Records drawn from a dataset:
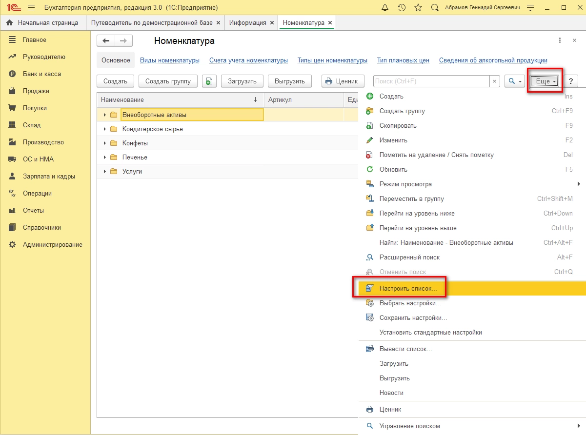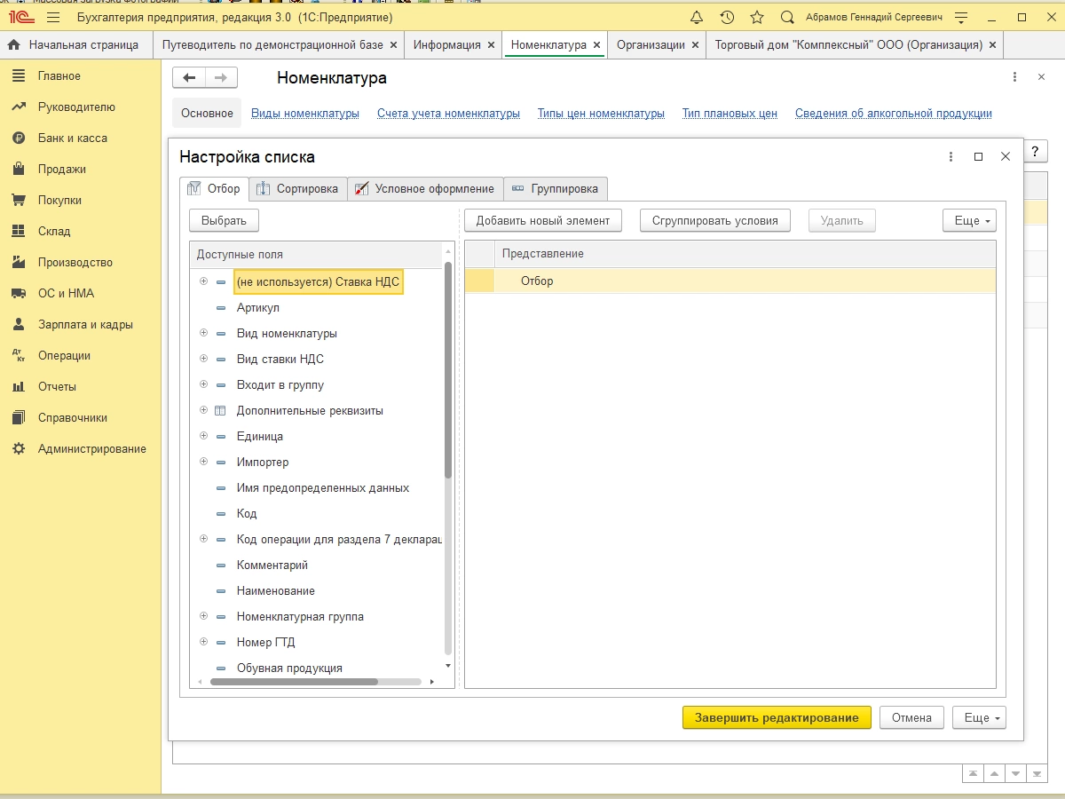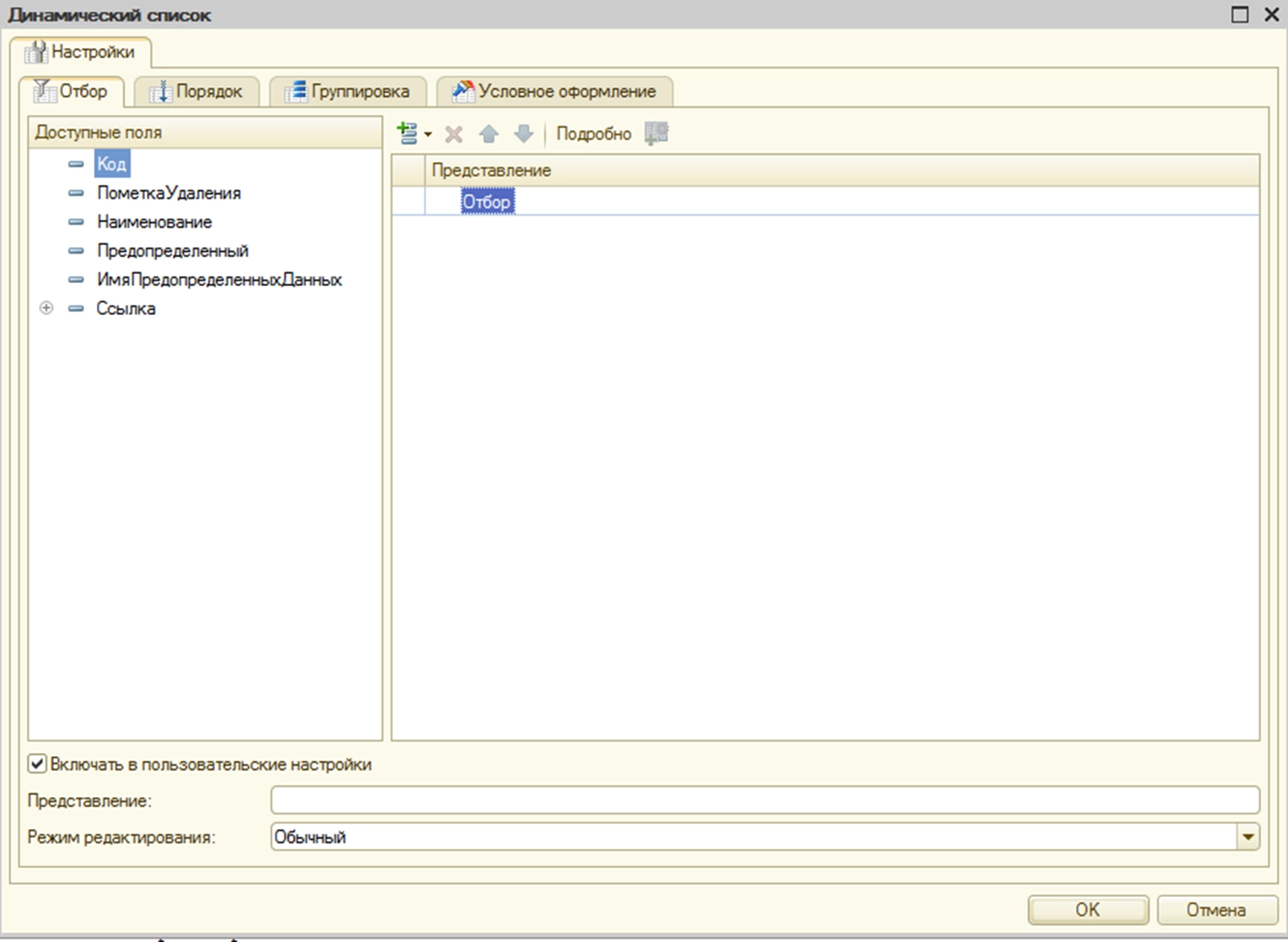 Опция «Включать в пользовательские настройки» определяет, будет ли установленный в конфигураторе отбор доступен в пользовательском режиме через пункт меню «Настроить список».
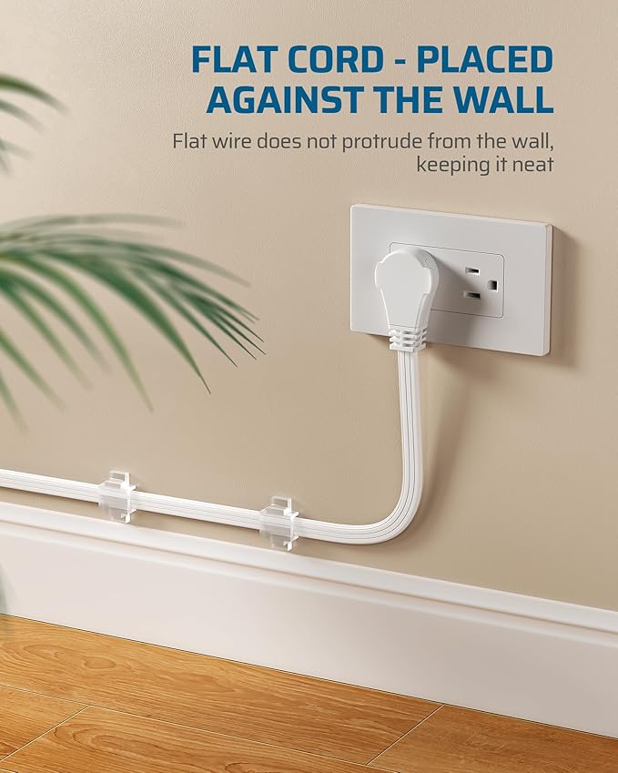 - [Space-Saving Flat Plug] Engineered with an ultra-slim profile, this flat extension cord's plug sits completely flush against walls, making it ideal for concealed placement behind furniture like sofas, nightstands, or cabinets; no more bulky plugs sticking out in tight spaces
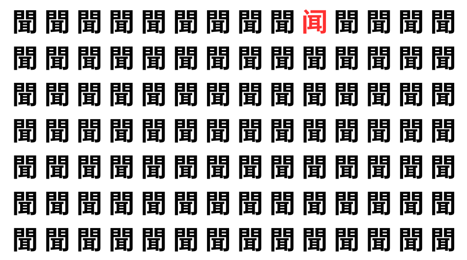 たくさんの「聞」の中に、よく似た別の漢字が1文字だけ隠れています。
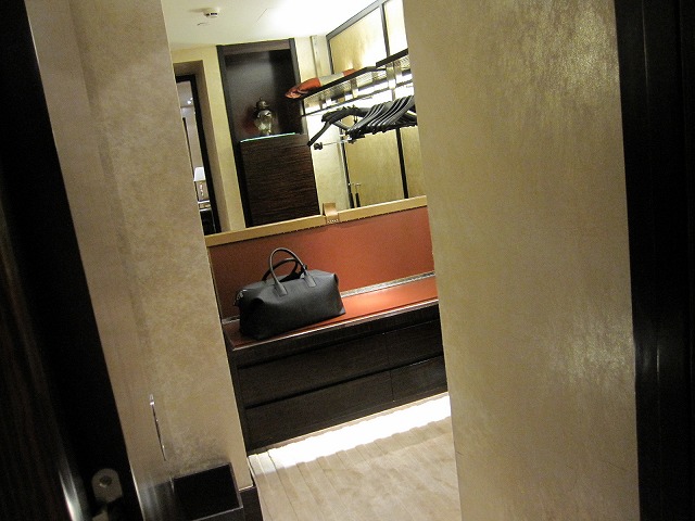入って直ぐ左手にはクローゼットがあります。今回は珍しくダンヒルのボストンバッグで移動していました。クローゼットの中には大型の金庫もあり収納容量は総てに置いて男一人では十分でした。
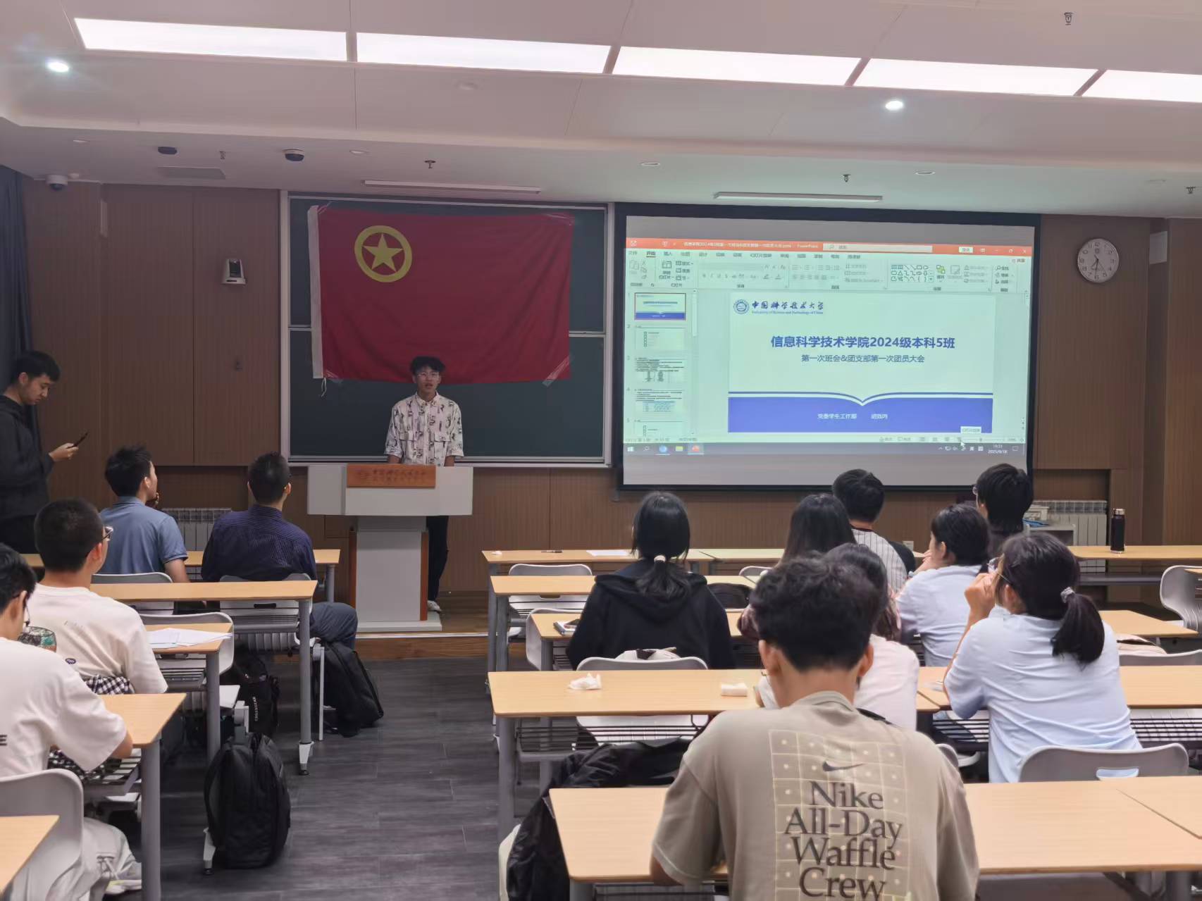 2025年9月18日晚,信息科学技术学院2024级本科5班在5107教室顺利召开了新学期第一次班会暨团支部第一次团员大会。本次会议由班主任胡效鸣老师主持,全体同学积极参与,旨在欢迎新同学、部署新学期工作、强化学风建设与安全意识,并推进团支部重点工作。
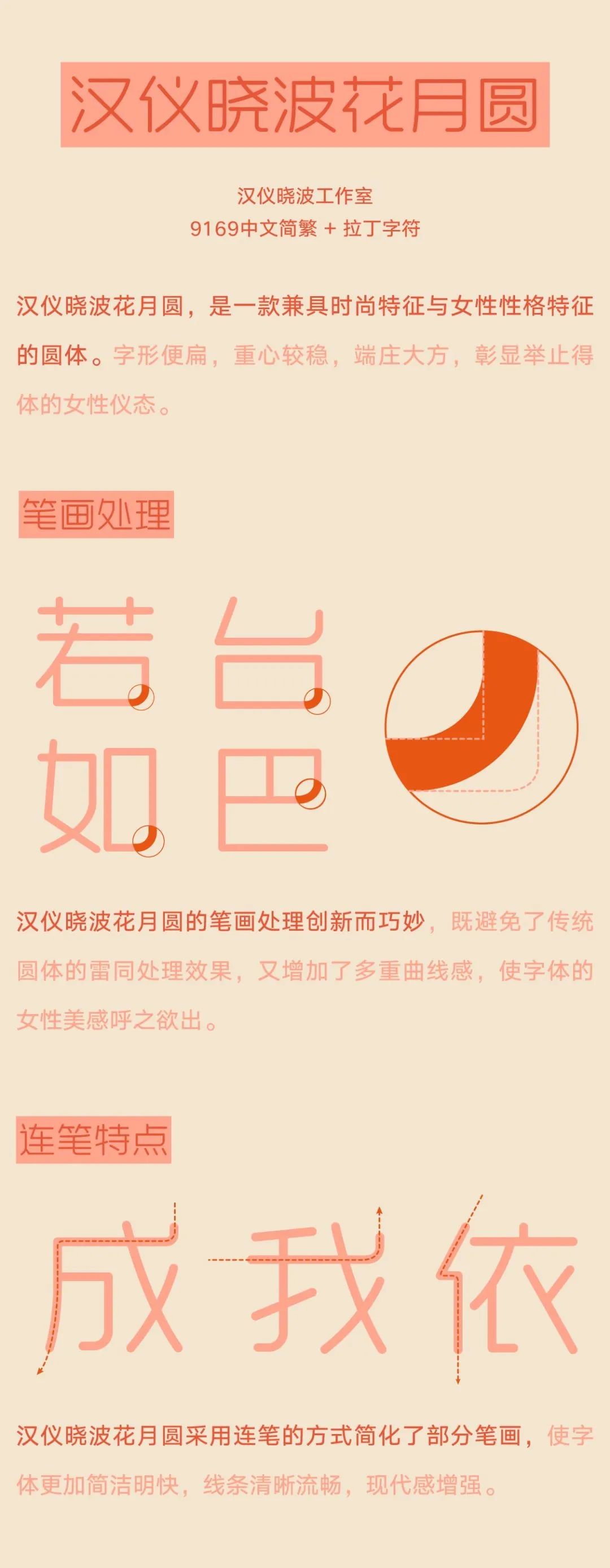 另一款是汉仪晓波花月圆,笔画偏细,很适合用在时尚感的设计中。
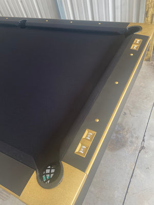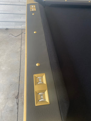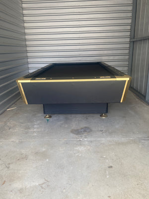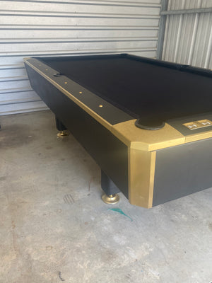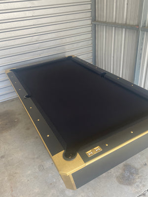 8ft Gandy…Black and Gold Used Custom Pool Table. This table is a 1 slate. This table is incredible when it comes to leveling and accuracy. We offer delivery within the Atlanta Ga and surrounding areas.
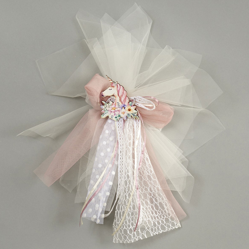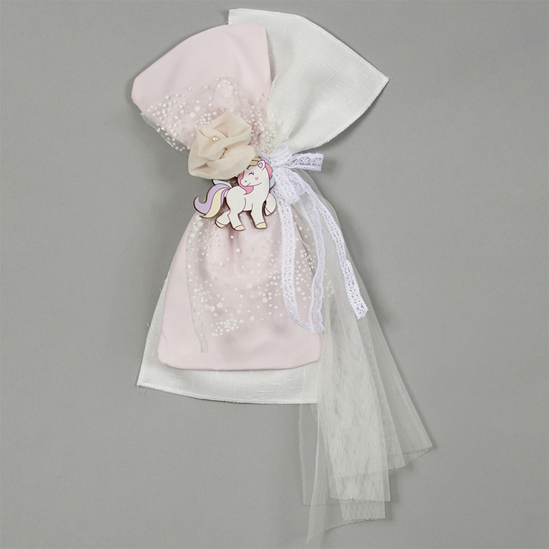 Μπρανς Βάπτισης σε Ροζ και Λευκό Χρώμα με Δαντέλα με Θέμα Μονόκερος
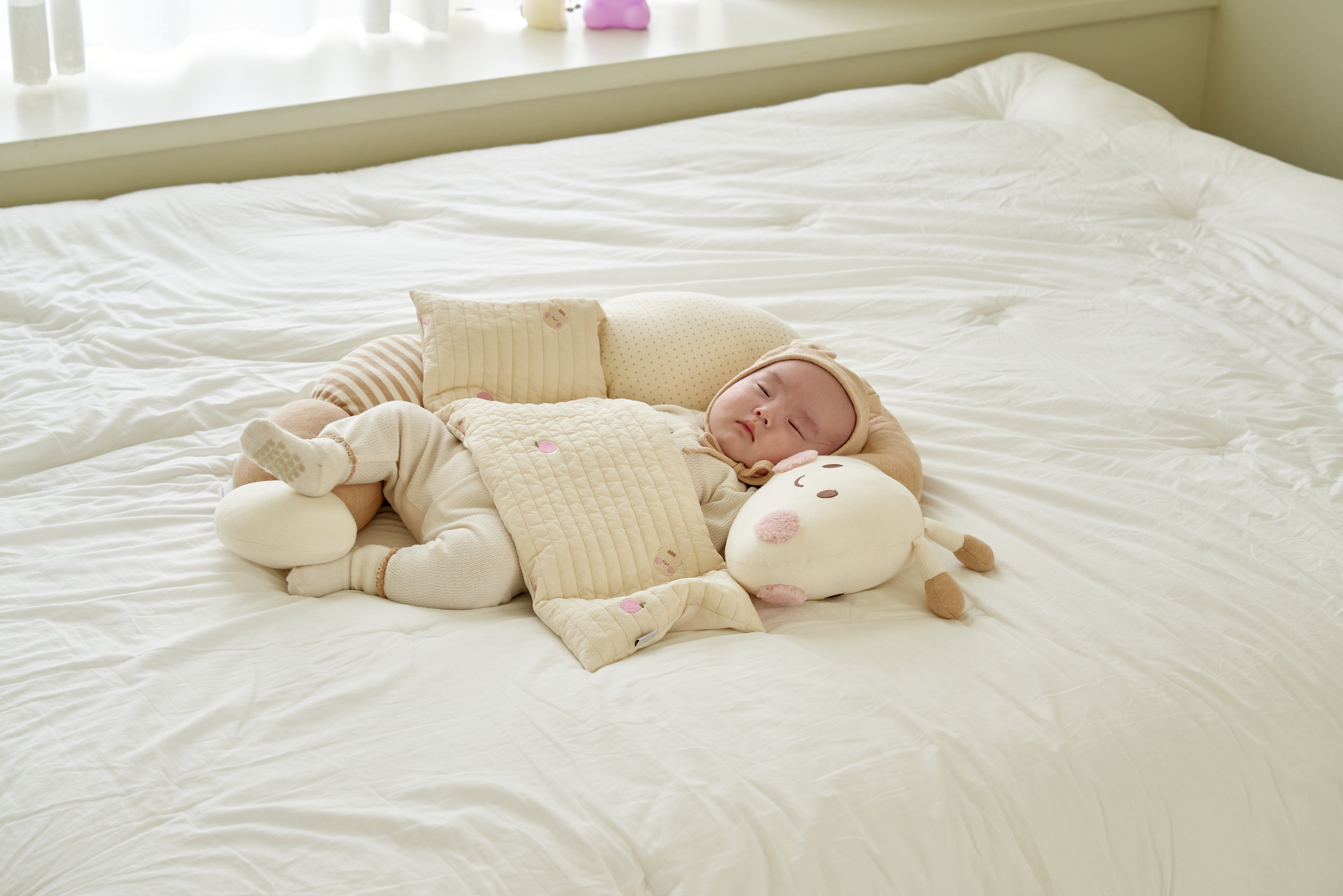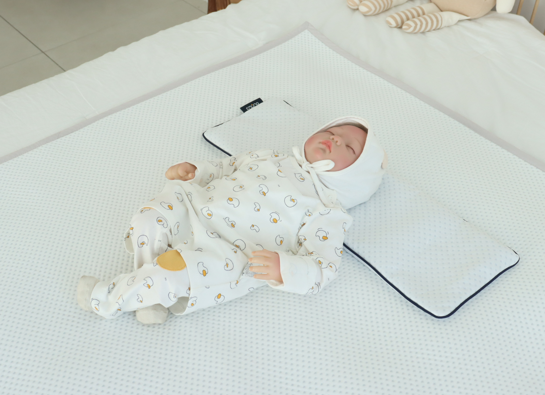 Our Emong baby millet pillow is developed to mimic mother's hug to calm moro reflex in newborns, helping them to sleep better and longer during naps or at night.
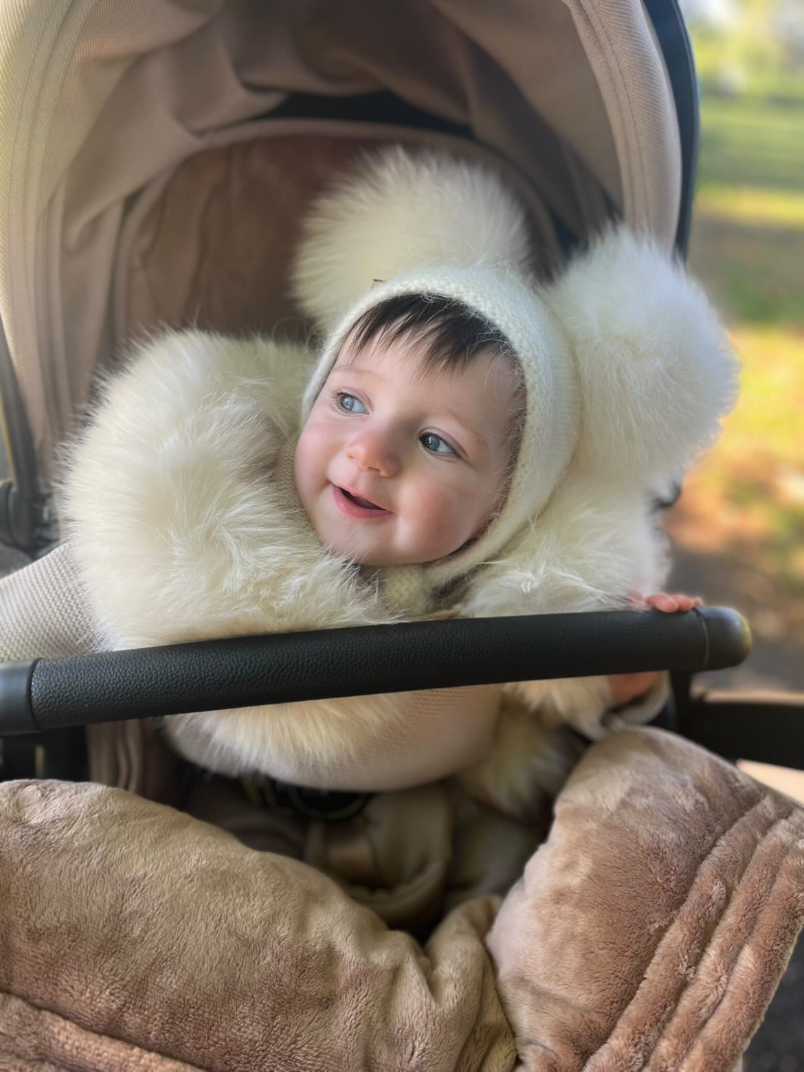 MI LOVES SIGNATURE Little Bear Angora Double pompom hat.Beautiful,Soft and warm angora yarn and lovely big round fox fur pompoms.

- [WORK ITEM]
Could every entry above be printed again exactly, images excluded?

- [WORKED SOLUTION]
 Опция «Включать в пользовательские настройки» определяет, будет ли установленный в конфигураторе отбор доступен в пользовательском режиме через пункт меню «Настроить список».
 - [Space-Saving Flat Plug] Engineered with an ultra-slim profile, this flat extension cord's plug sits completely flush against walls, making it ideal for concealed placement behind furniture like sofas, nightstands, or cabinets; no more bulky plugs sticking out in tight spaces
 たくさんの「聞」の中に、よく似た別の漢字が1文字だけ隠れています。
入って直ぐ左手にはクローゼットがあります。今回は珍しくダンヒルのボストンバッグで移動していました。クローゼットの中には大型の金庫もあり収納容量は総てに置いて男一人では十分でした。
 2025年9月18日晚,信息科学技术学院2024级本科5班在5107教室顺利召开了新学期第一次班会暨团支部第一次团员大会。本次会议由班主任胡效鸣老师主持,全体同学积极参与,旨在欢迎新同学、部署新学期工作、强化学风建设与安全意识,并推进团支部重点工作。
 另一款是汉仪晓波花月圆,笔画偏细,很适合用在时尚感的设计中。
 8ft Gandy…Black and Gold Used Custom Pool Table. This table is a 1 slate. This table is incredible when it comes to leveling and accuracy. We offer delivery within the Atlanta Ga and surrounding areas.
 Μπρανς Βάπτισης σε Ροζ και Λευκό Χρώμα με Δαντέλα με Θέμα Μονόκερος
 Our Emong baby millet pillow is developed to mimic mother's hug to calm moro reflex in newborns, helping them to sleep better and longer during naps or at night.
 MI LOVES SIGNATURE Little Bear Angora Double pompom hat.Beautiful,Soft and warm angora yarn and lovely big round fox fur pompoms.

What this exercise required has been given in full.